Beaver Creek State Park.
Look it up on the ODNR website.
Plenty of info and maps


----------



## bdawg (Apr 14, 2009)

Nice catch. I wish I could get out to Beaver Creek more. I go there once a year on Father's Day(A gift to myself). Never did as well on smallies as I hoped. The ODNR site really hypes Beaver Creek for smallies, but I guess you gotta know where the good spots are. Never caught any over 12". 

One year I got a hole stringer of catfish. I kept 5 channel cats around 2 lbs each and one flathead cat around 7 lbs! All caught on ultralite rod with 4lb test! Caught some sauger too, but none big enough to keep. 

Does Beaver Creek get a run of white bass? If so, are they in there now?


----------



## crappiewacka (Apr 7, 2009)

bdawg said:


> Nice catch. I wish I could get out to Beaver Creek more. I go there once a year on Father's Day(A gift to myself). Never did as well on smallies as I hoped. The ODNR site really hypes Beaver Creek for smallies, but I guess you gotta know where the good spots are. Never caught any over 12".
> 
> One year I got a hole stringer of catfish. I kept 5 channel cats around 2 lbs each and one flathead cat around 7 lbs! All caught on ultralite rod with 4lb test! Caught some sauger too, but none big enough to keep.
> 
> Does Beaver Creek get a run of white bass? If so, are they in there now?


It actually gets white bass and wiper (stripped bass, white bass hybrid) runs, very soon.. When we went I thought they should have been there. They run up from the Ohio river, just like the sauger and walleye. We used to get loads of them usually in Fredrickstown, but there is no more parking down there, but we caught plenty @ the Park and the lookout pool. We even caught rainbows in Fredrickstown. Fun catching those cats, huh? Especially w/light lines. Be advised on eating anything from the creek, still traces of Myrex poison in the river bed. The smallmouth population is improving, 30 years ago it was full but the poison leeching in had a detrimental affect on all species from Lisbon downstream.


----------



## benpecc1 (Sep 2, 2008)

im going out to Grimms Bridge verrrry early friday morning, hope to get out and walking through the woods about a half hour before sunset. crappie wacka, have you heard anything lately about the white bass run? I have actually never caught a white bass or wiper out there, just plenty of smallies, saugers and catfish...do you think there might be some all the way back behind grimms bridge?


----------



## slik (Oct 5, 2008)

what kind of boats at Rogers? I work Tuesdays but would like to go if there is anything good


----------



## crappiewacka (Apr 7, 2009)

benpecc1 said:


> im going out to Grimms Bridge verrrry early friday morning, hope to get out and walking through the woods about a half hour before sunset. crappie wacka, have you heard anything lately about the white bass run? I have actually never caught a white bass or wiper out there, just plenty of smallies, saugers and catfish...do you think there might be some all the way back behind grimms bridge?

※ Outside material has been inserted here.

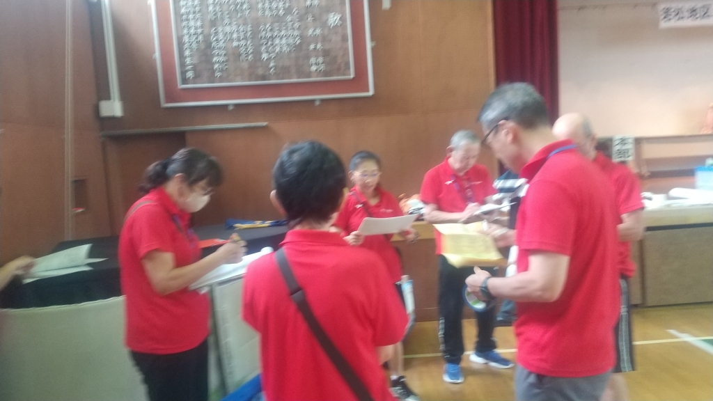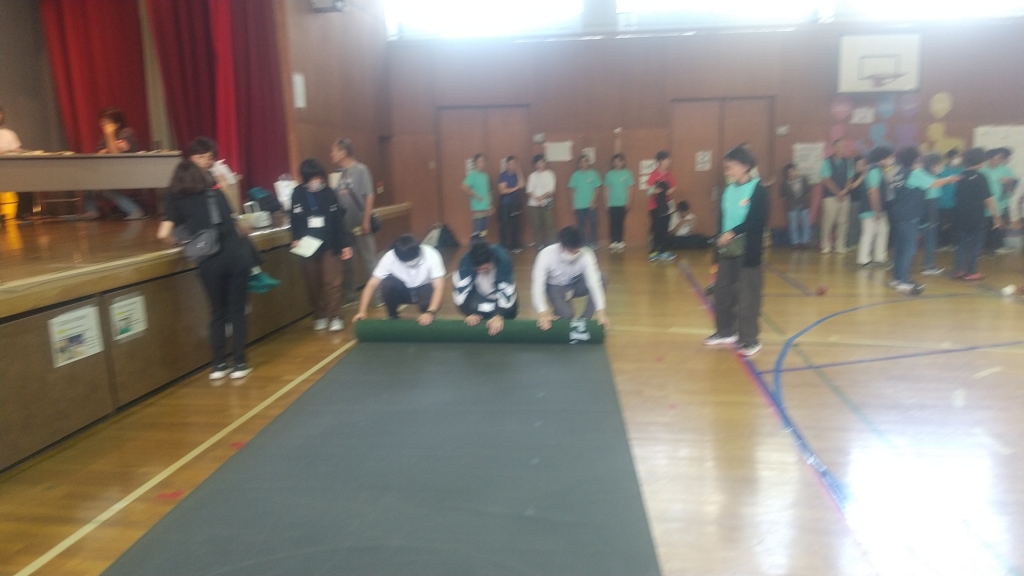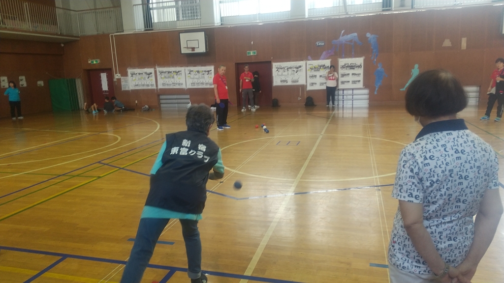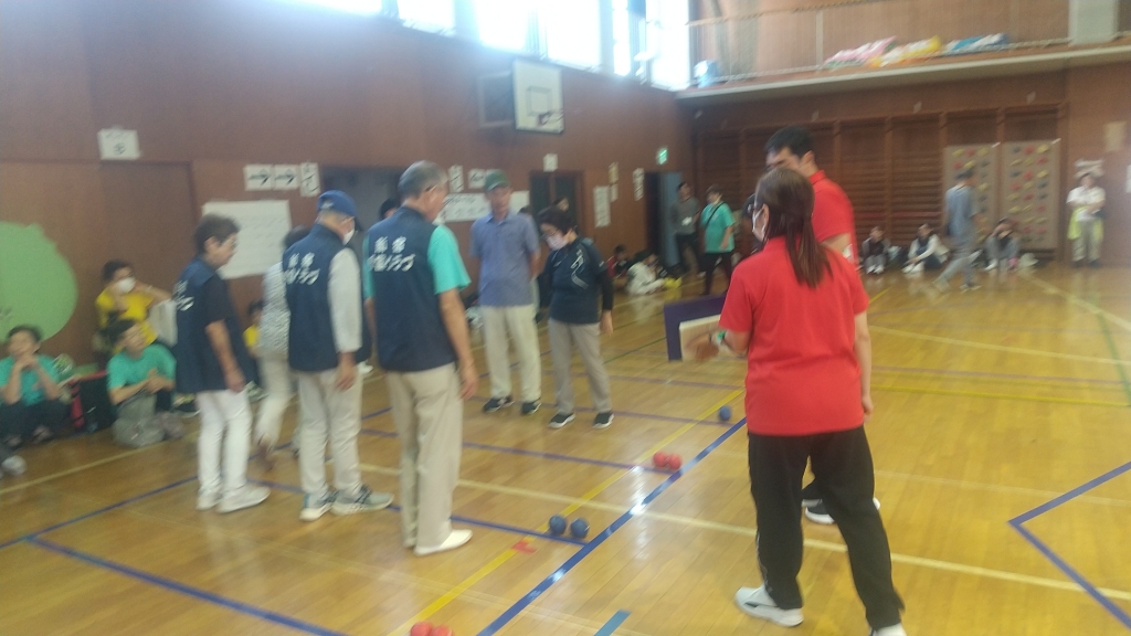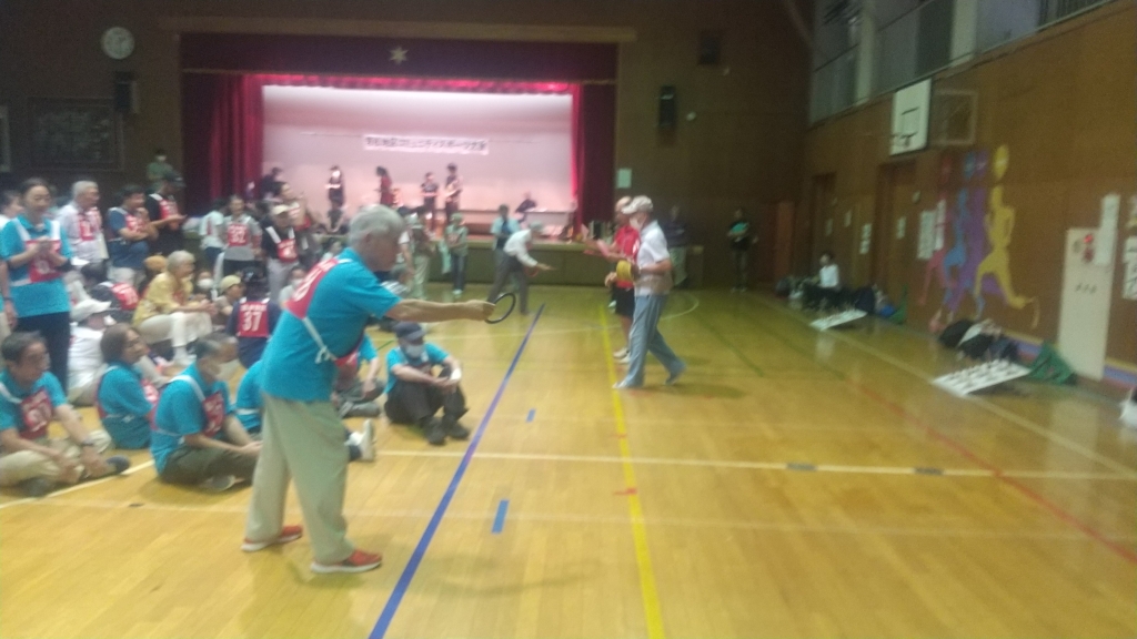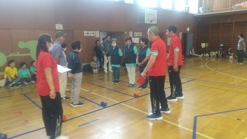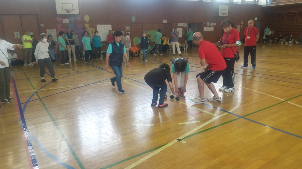 10月5日(日)若松地区コミュニティ大会が余丁町小学校体育館で開催されました。スタッフ集合は8時15分。午前、午後に分かれ、午前中はユニカール、ボッチャ。ユニカールは3チーム参加、ボッチャは17チームの応募があったが、当日は16チーム参加。ボッチャは当日抽選を行い、5ブロックに分かれ、リーグ戦を行いました。スポーツ推進委員は若松地区5名、他地区の応援が5名で合計10名が主に審判を行い、ユニカールは2名、ボッチャは8名に分かれました。ユニカールは3チーム総当たり戦で3試合のため、中央大会と同じ1試合6回戦で行いました。結果は全チーム、1勝1敗のため、ターゲット戦で1位〜3位の順位を決めました。ユニカールの順位が決まった後も、ボッチャは各コートで大熱戦を行っており、3コート作成したコートで、スポーツ推進委員が2名ずつ主審、副審になり、審判を行っていました。

Have not been or heard about if the bass are moving up yet. It's hard to get reports from Beaver, unless you're there. Usually if you do hear a report it's too late, ya know? I'm drawing a blank on Grimms Bridge, I know I have been there, but can't get a mental picture of it's location. That's the bridge right in the main Park on Echo Dell road , right?? If that's the bridge, than yes I caught numerous whites and wipers under the bridge, and upstream at the pump house.http://www.dnr.state.oh.us/Portals/2/parkmaps/beavercreekparkmap.pdf


----------



## crappiewacka (Apr 7, 2009)

slik said:


> what kind of boats at Rogers? I work Tuesdays but would like to go if there is anything good


What kind would you like???? I am shock it took this long for someone to respond to that comment I made! I seen junk and I seen nice boats and motors. I'm not talking 09 Lunds or anything. But they had some nice 14 ft'ers. Some w/trailers some on the ground. I bid on a Coleman Crawdad, older one, but decent shape, but I was outbid at $90.00. Just depends on what's nice or what you're looking for. It's worth the trip, if you wanted something....unless it's like an 09 30ft. Baha Cruiser. The auction is every FIRST TUESDAY of the month. Misc. starts @ 1pm and you could be there past 1 am if you wanted. LOTS OF STUFF!!! It's called the farm equipment auction, if you are not familiar with it.http://www.rogersohio.com/


----------



## bigben12 (Apr 22, 2009)

So I understand, were you outbid by $90.00 right, or the boat sold for $90.00 which doesn't make much sense to me. Is there usually a nice selection of boats or hit or miss. How far of a drive from the Akron area? I am looking for an affordable boat myself, I don't get out as often as I would like and don't want to spend a whole lot of $.

Thanks


----------



## iamjaguarpaw (May 10, 2009)

not sure if this is ok, but i use auctionzip.com. i used to sell on ebay for a living, and that site made me lots of money. search area is mited to 20 miles of the chosen zip, but you can check as many as you like.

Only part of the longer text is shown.